*EXERCISE*. In the data below, begin at the line with "直線的な電流で筋収縮を促すのではなく、グローブで微弱電流を操ることで" and stop after the line with "na Radhošť, stejně"; output those lines exactly and no pictures.

*MATERIAL FOR THIS TASK*.
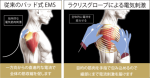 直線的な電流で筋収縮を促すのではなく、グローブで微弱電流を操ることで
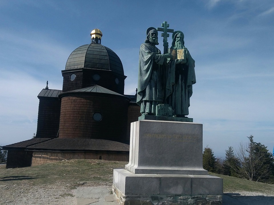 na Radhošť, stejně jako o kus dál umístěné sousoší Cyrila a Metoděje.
...
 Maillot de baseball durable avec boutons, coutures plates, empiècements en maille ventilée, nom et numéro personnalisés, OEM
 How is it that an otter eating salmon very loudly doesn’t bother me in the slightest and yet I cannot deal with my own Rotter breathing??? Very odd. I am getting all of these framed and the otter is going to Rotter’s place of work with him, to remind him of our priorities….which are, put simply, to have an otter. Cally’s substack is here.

*EXERCISE SOLUTION*.
 直線的な電流で筋収縮を促すのではなく、グローブで微弱電流を操ることで
 na Radhošť, stejně jako o kus dál umístěné sousoší Cyrila a Metoděje.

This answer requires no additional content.